Вьяль, весь облик которого с ног до головы выражал упрямство и сухость, безмолвно отказывался от какого бы то ни было понимания, от любого утешения. Я чувствовала себя очень усталой, готовой отступить перед овладевающей небом ярко-красной лавиной, но в то же время мне хотелось завершить эту ночь – слово пришло мне на ум и больше меня не покидало – достойно.

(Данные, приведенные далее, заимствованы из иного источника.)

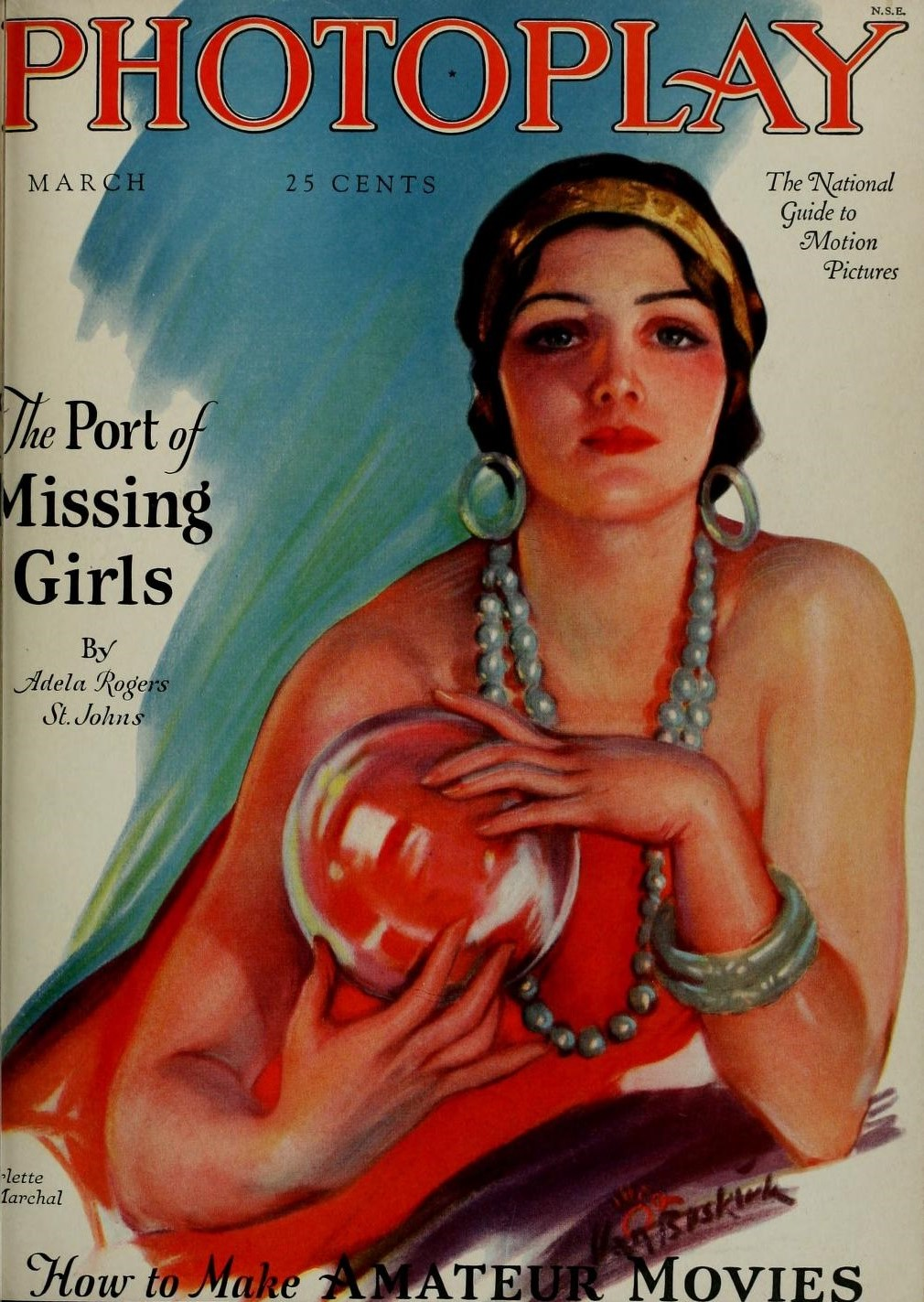 Arlette Marchal by Carl Van Buskirk

– Ты понимаешь, отныне необходимо, чтобы моя грусть, когда я грустна, моя весёлость, когда я весела, обходились без одного мотива, которого им хватало на протяжении тридцати лет: без любви. И мне это удаётся. Это чудесно. Это так чудесно… Иногда у рожениц при пробуждении от первого после родов сна опять возникает рефлекс крика… Представь себе, у меня всё ещё сохраняется рефлекс любви, я забываю, что уже избавилась от своего плода. Я от него не защищаюсь, Вьяль. Иногда я внутренне себе кричу: «Ах! боже мой, пусть Он будет ещё!», а иногда: «Ах! Боже мой, пусть Его больше не будет!»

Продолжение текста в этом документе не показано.